Most corresponding classes have been implemented under code/

### Downloading the data

And splitting it into 70% train/validation and 30% test

In [1]:
from sklearn.datasets import fetch_openml
from sklearn.model_selection import train_test_split

X, y = fetch_openml(name="titanic", version=1, as_frame=True, return_X_y=True)
X_train, X_test, y_train, y_test = train_test_split(
    X, y, test_size=0.3, random_state=42
)

### Data Exploration

In a genuine ML project we should check the variables to assess the following:
1. find NaN rates and perform imputation or drop features when appropriate.
2. study correlations, remove features that are redundant, and limit the number of features if necessary to avoid the curse of dimensionality. In the case of categorical variables, correlation isn't defined but similar measures (Cramer's V or Theil U do exist).
3. Do proper label encoding for categorical features (using targetencoding, OHencoding, labelencoding, grouping, etc)
4. check for anomalies and outliers and remove them

Here we will not go through all the process, but rather build a set of preprocessor and estimator to tackle 1. and 3.

In [2]:
X.head(20)

Unnamed: 0,pclass,name,sex,age,sibsp,parch,ticket,fare,cabin,embarked,boat,body,home.dest
0,1,"Allen, Miss. Elisabeth Walton",female,29.0,0,0,24160,211.3375,B5,S,2,,"St Louis, MO"
1,1,"Allison, Master. Hudson Trevor",male,0.9167,1,2,113781,151.55,C22 C26,S,11,,"Montreal, PQ / Chesterville, ON"
2,1,"Allison, Miss. Helen Loraine",female,2.0,1,2,113781,151.55,C22 C26,S,,,"Montreal, PQ / Chesterville, ON"
3,1,"Allison, Mr. Hudson Joshua Creighton",male,30.0,1,2,113781,151.55,C22 C26,S,,135.0,"Montreal, PQ / Chesterville, ON"
4,1,"Allison, Mrs. Hudson J C (Bessie Waldo Daniels)",female,25.0,1,2,113781,151.55,C22 C26,S,,,"Montreal, PQ / Chesterville, ON"
5,1,"Anderson, Mr. Harry",male,48.0,0,0,19952,26.55,E12,S,3,,"New York, NY"
6,1,"Andrews, Miss. Kornelia Theodosia",female,63.0,1,0,13502,77.9583,D7,S,10,,"Hudson, NY"
7,1,"Andrews, Mr. Thomas Jr",male,39.0,0,0,112050,0.0,A36,S,,,"Belfast, NI"
8,1,"Appleton, Mrs. Edward Dale (Charlotte Lamson)",female,53.0,2,0,11769,51.4792,C101,S,D,,"Bayside, Queens, NY"
9,1,"Artagaveytia, Mr. Ramon",male,71.0,0,0,PC 17609,49.5042,,C,,22.0,"Montevideo, Uruguay"


In [3]:
from code.estimators.baseline import BaselineEstimator
from code.preprocessors.baseline import AgeTransformer, CustomPreprocessor

from sklearn.pipeline import Pipeline

model = Pipeline(
    [
        ("ageTransformmer", AgeTransformer()),
        (
            "preprocessor",
            CustomPreprocessor(
                categorical_columns=["pclass", "sex", "sibsp", "parch", "embarked"],
                ignored_columns=[
                    "name",
                    "ticket",
                    "cabin",
                    "boat",
                    "body",
                    "home.dest",
                ],
            ),
        ),
        ("estimator", BaselineEstimator()),
    ]
)

We made use of sklearn's pipelining API here to simplify the fit/transform/predict process.

### Train the model

Here we will use the AUC metric.
This is a simple supervised binary classification task. The only pitafll in this case is picking accuracy in the case of imbalanced classes which can be misleading. 

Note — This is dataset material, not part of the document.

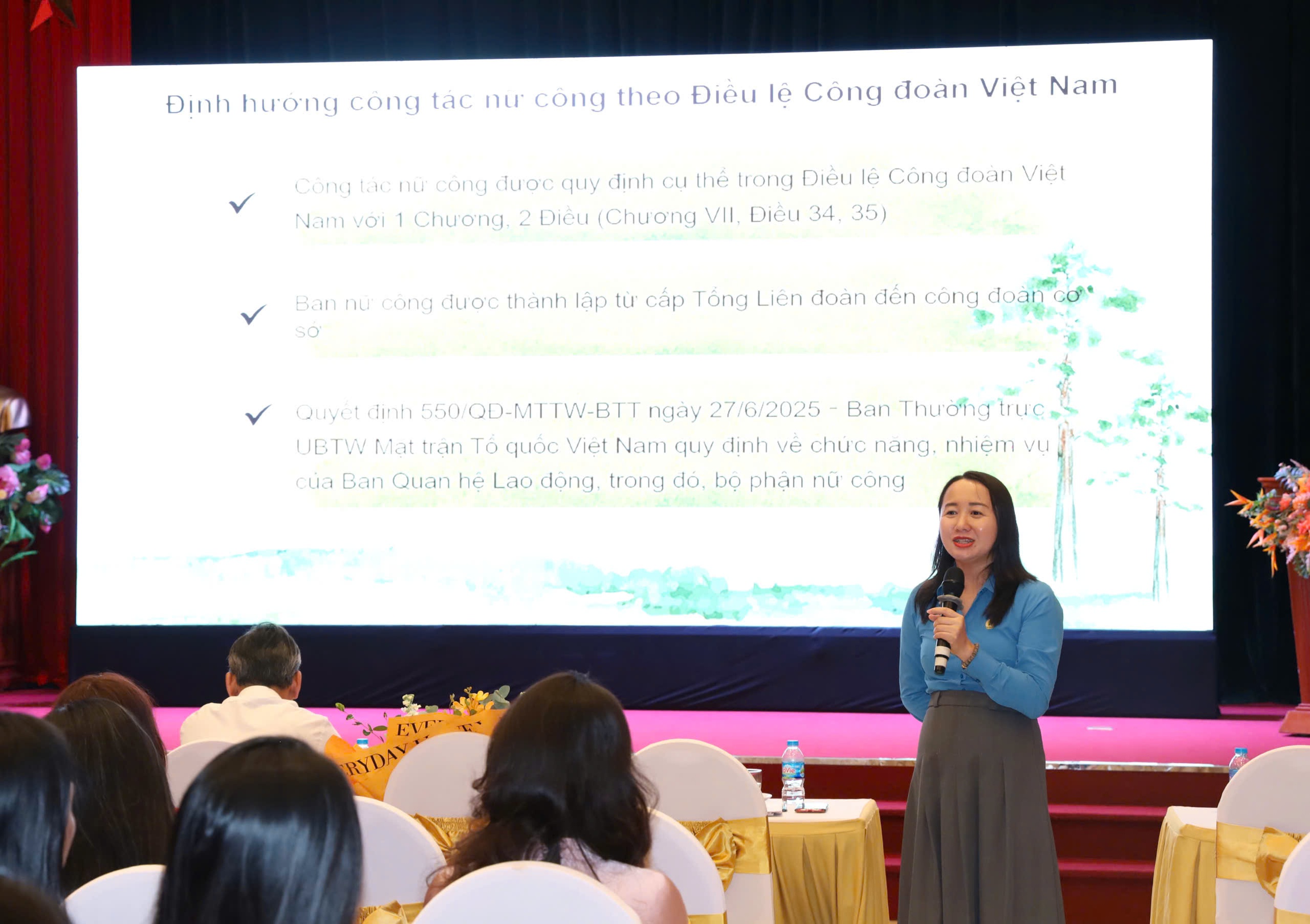 Đặc biệt, hội nghị là dịp để các cán bộ công đoàn cập nhật kiến thức, chia sẻ kinh nghiệm thực tiễn, góp phần nâng cao hiệu quả công tác vận động nữ công nhân, viên chức, lao động, chăm lo, bảo vệ quyền và lợi ích hợp pháp, chính đáng của đoàn viên nữ trong tình hình mới.

AUC is a metric between 0 and 1 which measures basically the "separability" between the 2 classes and the tradeoff true postives/false positives. It is particularly indicated in the case of binary classification and is free of imbalanced bias.

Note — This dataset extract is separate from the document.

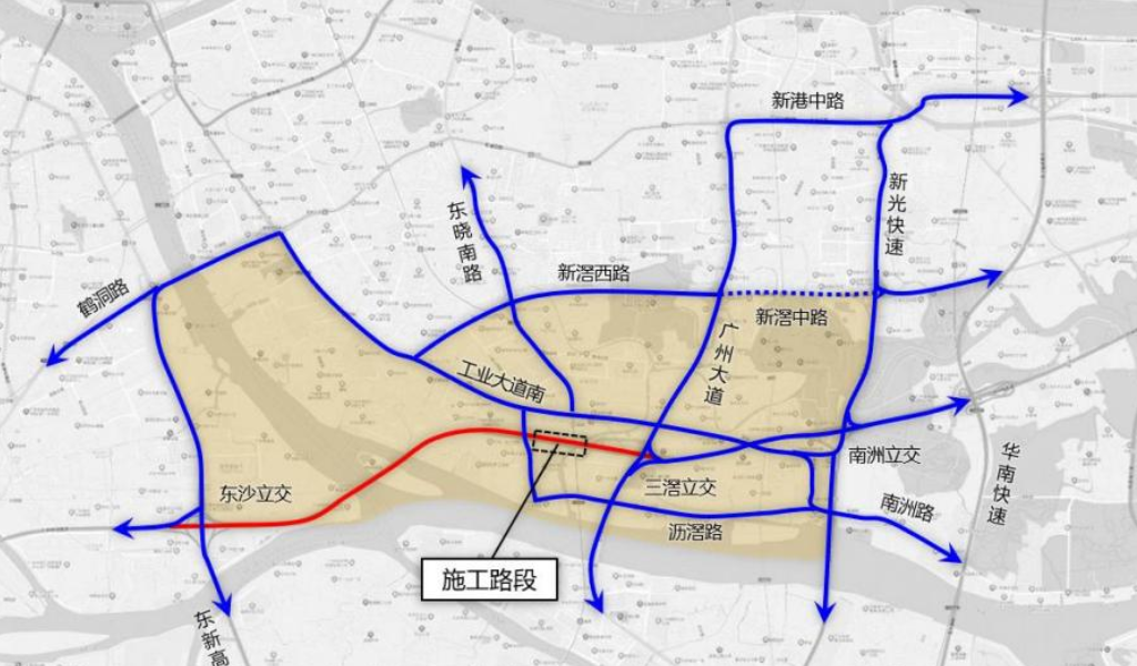 施工核心区域内,可利用鹤洞路、新滘西路、工业大道南、环岛路、东晓南路、东沙立交、南洲立交进行绕行通过施工区域。

Here we not only train the model, but also display model performance in the form of a 5-cv cross-validated AUC

In [4]:
from code.training.base_trainer import train

MODEL_PATH = "saved_models/baselinemodel.pkl"

cross_validated_training_score = train(
    model=model, X=X_train, y=y_train, save_path=MODEL_PATH
)
print(f"cross-validated auc score at training time: {cross_validated_training_score}")

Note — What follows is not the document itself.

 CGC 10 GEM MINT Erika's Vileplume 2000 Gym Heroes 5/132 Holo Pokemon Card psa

cross-validated auc score at training time: 0.8398421644690302


## Evaluate the model

A proper procedure should be defined.
Here we measure AUC in a simple fashion, anything can be done here, for exemple to compare 2 models.

In [5]:
from code.evaluation.base_evaluator import evaluate
from code.prediction.base_predictor import load_model_from_path

fitted_model = load_model_from_path(MODEL_PATH)

evaluation_score = evaluate(fitted_model, X_test, y_test)


print(f"auc score at testing time: {evaluation_score}")

auc score at testing time: 0.7727044590025359


### Model Performance

Here there seeem to be a little overfitting as the performance of the model slightly decreases on the testing set.
An AUC above .85 is laudable (although it also depends on the dataset's quality and the statistical distribution: is the variable to be predicted really a function of the features?).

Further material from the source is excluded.